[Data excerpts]
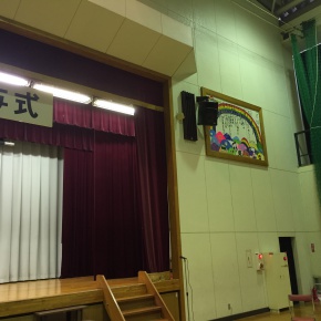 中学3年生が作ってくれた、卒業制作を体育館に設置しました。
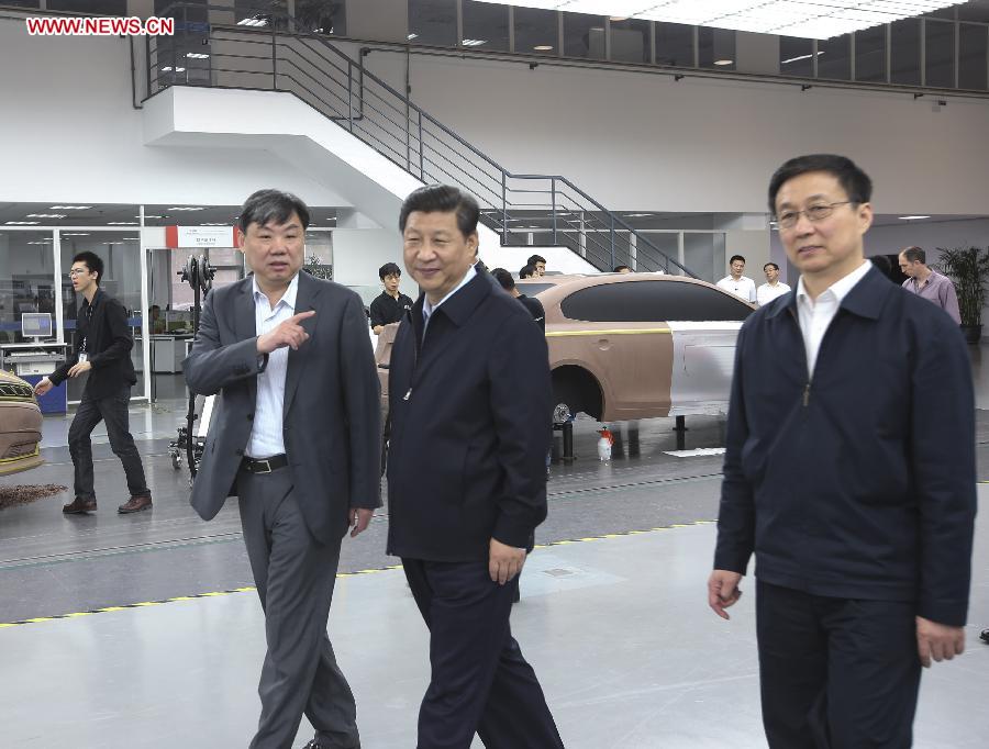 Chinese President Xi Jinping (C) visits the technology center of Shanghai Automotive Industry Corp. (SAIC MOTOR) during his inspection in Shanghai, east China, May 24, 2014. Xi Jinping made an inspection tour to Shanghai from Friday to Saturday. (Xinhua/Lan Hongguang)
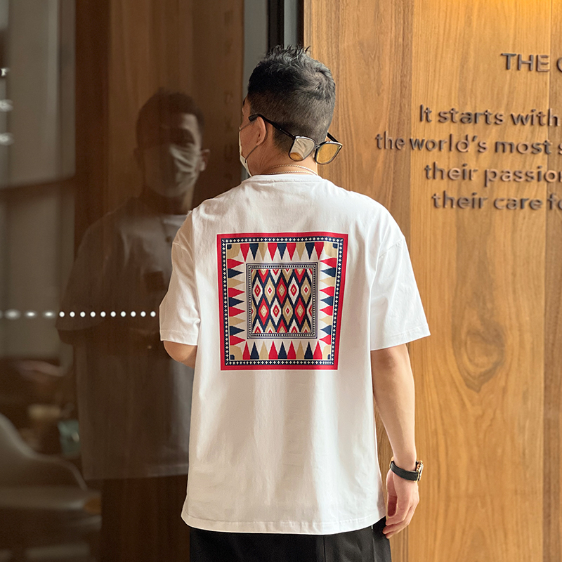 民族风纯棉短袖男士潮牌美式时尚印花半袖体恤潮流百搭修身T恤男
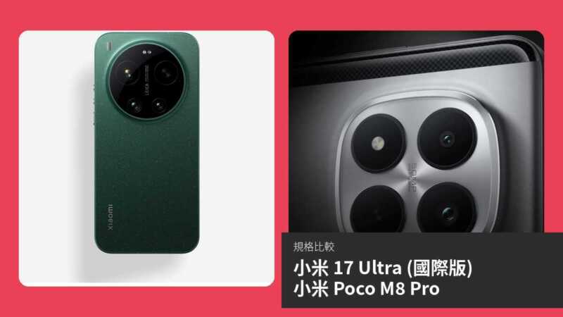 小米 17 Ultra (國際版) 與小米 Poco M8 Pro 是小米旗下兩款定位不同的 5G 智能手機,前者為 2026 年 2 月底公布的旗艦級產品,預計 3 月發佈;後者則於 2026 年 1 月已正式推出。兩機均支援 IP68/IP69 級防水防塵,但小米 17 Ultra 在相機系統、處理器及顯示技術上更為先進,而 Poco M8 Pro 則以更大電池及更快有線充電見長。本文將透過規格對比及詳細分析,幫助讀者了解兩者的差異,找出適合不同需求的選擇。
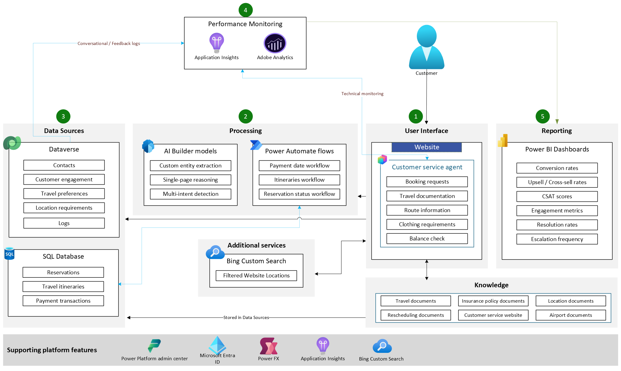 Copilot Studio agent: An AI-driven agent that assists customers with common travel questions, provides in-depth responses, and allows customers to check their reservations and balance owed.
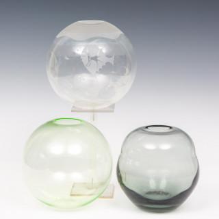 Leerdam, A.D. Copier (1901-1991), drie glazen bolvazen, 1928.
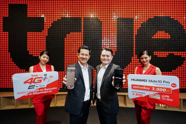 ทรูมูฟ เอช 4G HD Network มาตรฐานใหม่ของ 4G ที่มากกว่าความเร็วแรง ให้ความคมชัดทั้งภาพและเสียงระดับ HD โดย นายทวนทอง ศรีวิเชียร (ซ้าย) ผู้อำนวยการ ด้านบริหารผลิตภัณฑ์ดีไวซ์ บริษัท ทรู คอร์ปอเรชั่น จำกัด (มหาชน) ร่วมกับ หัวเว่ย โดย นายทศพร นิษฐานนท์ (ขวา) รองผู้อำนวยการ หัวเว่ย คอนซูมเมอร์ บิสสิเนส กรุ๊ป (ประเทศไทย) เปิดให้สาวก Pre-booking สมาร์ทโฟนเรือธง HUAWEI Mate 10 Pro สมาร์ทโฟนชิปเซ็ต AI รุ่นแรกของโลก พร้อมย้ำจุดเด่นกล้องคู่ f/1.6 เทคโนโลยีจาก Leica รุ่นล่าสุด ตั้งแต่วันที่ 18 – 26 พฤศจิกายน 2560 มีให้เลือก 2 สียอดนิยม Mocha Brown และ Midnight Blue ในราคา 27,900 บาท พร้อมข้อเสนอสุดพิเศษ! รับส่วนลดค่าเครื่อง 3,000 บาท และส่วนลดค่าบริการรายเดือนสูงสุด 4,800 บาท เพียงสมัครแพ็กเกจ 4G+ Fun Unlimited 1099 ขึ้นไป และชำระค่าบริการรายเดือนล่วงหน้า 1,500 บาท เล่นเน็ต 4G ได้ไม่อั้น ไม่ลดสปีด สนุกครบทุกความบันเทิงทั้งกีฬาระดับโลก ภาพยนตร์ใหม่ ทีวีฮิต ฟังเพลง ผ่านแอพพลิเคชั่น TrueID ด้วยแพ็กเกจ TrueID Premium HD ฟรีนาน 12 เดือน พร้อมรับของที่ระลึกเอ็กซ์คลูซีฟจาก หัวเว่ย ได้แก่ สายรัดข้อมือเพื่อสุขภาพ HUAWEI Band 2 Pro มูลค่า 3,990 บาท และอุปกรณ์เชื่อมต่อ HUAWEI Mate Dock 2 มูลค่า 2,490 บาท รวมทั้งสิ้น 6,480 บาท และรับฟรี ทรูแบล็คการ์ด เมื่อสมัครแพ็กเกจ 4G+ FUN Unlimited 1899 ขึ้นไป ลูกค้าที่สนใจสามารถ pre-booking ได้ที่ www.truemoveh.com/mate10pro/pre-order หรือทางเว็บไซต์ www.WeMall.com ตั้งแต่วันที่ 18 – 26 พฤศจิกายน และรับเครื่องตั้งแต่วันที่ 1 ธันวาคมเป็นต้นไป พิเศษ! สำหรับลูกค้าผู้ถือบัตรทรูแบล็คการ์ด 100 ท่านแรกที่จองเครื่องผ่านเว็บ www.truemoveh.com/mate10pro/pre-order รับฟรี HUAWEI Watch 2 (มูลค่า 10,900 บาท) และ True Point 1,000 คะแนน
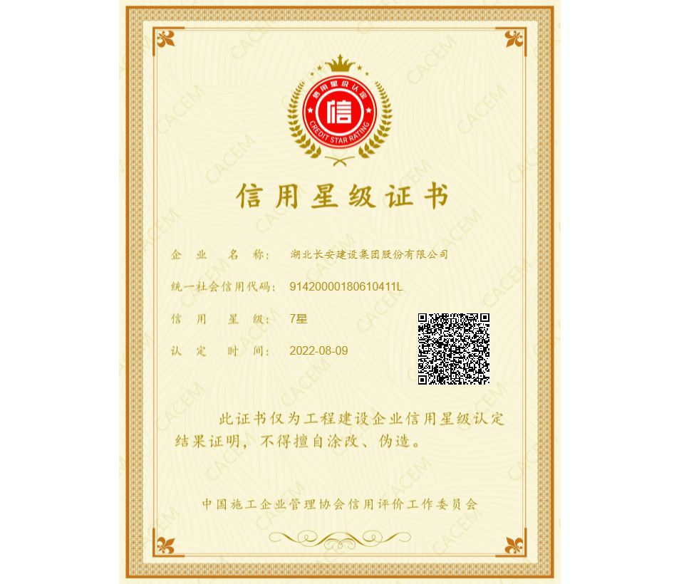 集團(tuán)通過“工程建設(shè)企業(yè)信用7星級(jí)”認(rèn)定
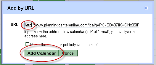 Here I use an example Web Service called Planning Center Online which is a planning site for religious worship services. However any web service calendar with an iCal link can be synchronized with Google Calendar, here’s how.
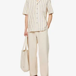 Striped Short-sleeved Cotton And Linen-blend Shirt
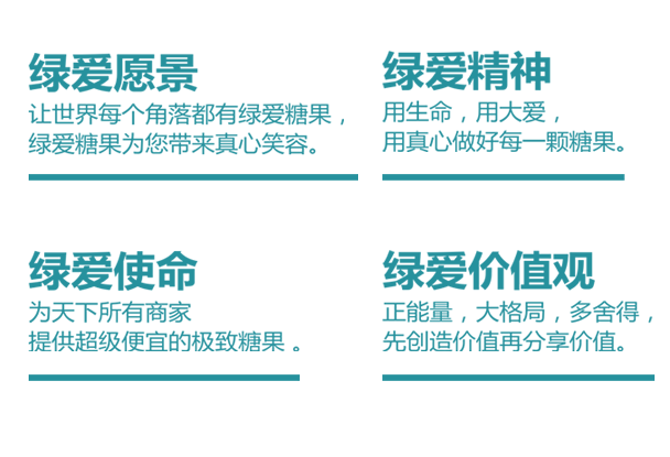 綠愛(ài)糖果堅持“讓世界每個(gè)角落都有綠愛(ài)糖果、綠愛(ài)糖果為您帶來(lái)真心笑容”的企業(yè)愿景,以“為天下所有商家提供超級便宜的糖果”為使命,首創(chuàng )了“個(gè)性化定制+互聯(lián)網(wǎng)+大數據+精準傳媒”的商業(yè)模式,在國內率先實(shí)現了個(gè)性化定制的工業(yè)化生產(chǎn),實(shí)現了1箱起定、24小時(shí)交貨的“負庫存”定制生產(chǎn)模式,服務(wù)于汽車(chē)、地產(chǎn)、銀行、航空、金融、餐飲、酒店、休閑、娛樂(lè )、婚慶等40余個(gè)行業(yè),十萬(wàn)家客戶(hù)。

[What you will do]:
None of the pictures belong in the copy; transcribe the rest of the data exactly.

[Task answer]:
 中学3年生が作ってくれた、卒業制作を体育館に設置しました。
 Chinese President Xi Jinping (C) visits the technology center of Shanghai Automotive Industry Corp. (SAIC MOTOR) during his inspection in Shanghai, east China, May 24, 2014. Xi Jinping made an inspection tour to Shanghai from Friday to Saturday. (Xinhua/Lan Hongguang)
 民族风纯棉短袖男士潮牌美式时尚印花半袖体恤潮流百搭修身T恤男
 小米 17 Ultra (國際版) 與小米 Poco M8 Pro 是小米旗下兩款定位不同的 5G 智能手機,前者為 2026 年 2 月底公布的旗艦級產品,預計 3 月發佈;後者則於 2026 年 1 月已正式推出。兩機均支援 IP68/IP69 級防水防塵,但小米 17 Ultra 在相機系統、處理器及顯示技術上更為先進,而 Poco M8 Pro 則以更大電池及更快有線充電見長。本文將透過規格對比及詳細分析,幫助讀者了解兩者的差異,找出適合不同需求的選擇。
 Copilot Studio agent: An AI-driven agent that assists customers with common travel questions, provides in-depth responses, and allows customers to check their reservations and balance owed.
 Leerdam, A.D. Copier (1901-1991), drie glazen bolvazen, 1928.
 ทรูมูฟ เอช 4G HD Network มาตรฐานใหม่ของ 4G ที่มากกว่าความเร็วแรง ให้ความคมชัดทั้งภาพและเสียงระดับ HD โดย นายทวนทอง ศรีวิเชียร (ซ้าย) ผู้อำนวยการ ด้านบริหารผลิตภัณฑ์ดีไวซ์ บริษัท ทรู คอร์ปอเรชั่น จำกัด (มหาชน) ร่วมกับ หัวเว่ย โดย นายทศพร นิษฐานนท์ (ขวา) รองผู้อำนวยการ หัวเว่ย คอนซูมเมอร์ บิสสิเนส กรุ๊ป (ประเทศไทย) เปิดให้สาวก Pre-booking สมาร์ทโฟนเรือธง HUAWEI Mate 10 Pro สมาร์ทโฟนชิปเซ็ต AI รุ่นแรกของโลก พร้อมย้ำจุดเด่นกล้องคู่ f/1.6 เทคโนโลยีจาก Leica รุ่นล่าสุด ตั้งแต่วันที่ 18 – 26 พฤศจิกายน 2560 มีให้เลือก 2 สียอดนิยม Mocha Brown และ Midnight Blue ในราคา 27,900 บาท พร้อมข้อเสนอสุดพิเศษ! รับส่วนลดค่าเครื่อง 3,000 บาท และส่วนลดค่าบริการรายเดือนสูงสุด 4,800 บาท เพียงสมัครแพ็กเกจ 4G+ Fun Unlimited 1099 ขึ้นไป และชำระค่าบริการรายเดือนล่วงหน้า 1,500 บาท เล่นเน็ต 4G ได้ไม่อั้น ไม่ลดสปีด สนุกครบทุกความบันเทิงทั้งกีฬาระดับโลก ภาพยนตร์ใหม่ ทีวีฮิต ฟังเพลง ผ่านแอพพลิเคชั่น TrueID ด้วยแพ็กเกจ TrueID Premium HD ฟรีนาน 12 เดือน พร้อมรับของที่ระลึกเอ็กซ์คลูซีฟจาก หัวเว่ย ได้แก่ สายรัดข้อมือเพื่อสุขภาพ HUAWEI Band 2 Pro มูลค่า 3,990 บาท และอุปกรณ์เชื่อมต่อ HUAWEI Mate Dock 2 มูลค่า 2,490 บาท รวมทั้งสิ้น 6,480 บาท และรับฟรี ทรูแบล็คการ์ด เมื่อสมัครแพ็กเกจ 4G+ FUN Unlimited 1899 ขึ้นไป ลูกค้าที่สนใจสามารถ pre-booking ได้ที่ www.truemoveh.com/mate10pro/pre-order หรือทางเว็บไซต์ www.WeMall.com ตั้งแต่วันที่ 18 – 26 พฤศจิกายน และรับเครื่องตั้งแต่วันที่ 1 ธันวาคมเป็นต้นไป พิเศษ! สำหรับลูกค้าผู้ถือบัตรทรูแบล็คการ์ด 100 ท่านแรกที่จองเครื่องผ่านเว็บ www.truemoveh.com/mate10pro/pre-order รับฟรี HUAWEI Watch 2 (มูลค่า 10,900 บาท) และ True Point 1,000 คะแนน
 集團(tuán)通過“工程建設(shè)企業(yè)信用7星級(jí)”認(rèn)定
 Here I use an example Web Service called Planning Center Online which is a planning site for religious worship services. However any web service calendar with an iCal link can be synchronized with Google Calendar, here’s how.
 Striped Short-sleeved Cotton And Linen-blend Shirt
 綠愛(ài)糖果堅持“讓世界每個(gè)角落都有綠愛(ài)糖果、綠愛(ài)糖果為您帶來(lái)真心笑容”的企業(yè)愿景,以“為天下所有商家提供超級便宜的糖果”為使命,首創(chuàng )了“個(gè)性化定制+互聯(lián)網(wǎng)+大數據+精準傳媒”的商業(yè)模式,在國內率先實(shí)現了個(gè)性化定制的工業(yè)化生產(chǎn),實(shí)現了1箱起定、24小時(shí)交貨的“負庫存”定制生產(chǎn)模式,服務(wù)于汽車(chē)、地產(chǎn)、銀行、航空、金融、餐飲、酒店、休閑、娛樂(lè )、婚慶等40余個(gè)行業(yè),十萬(wàn)家客戶(hù)。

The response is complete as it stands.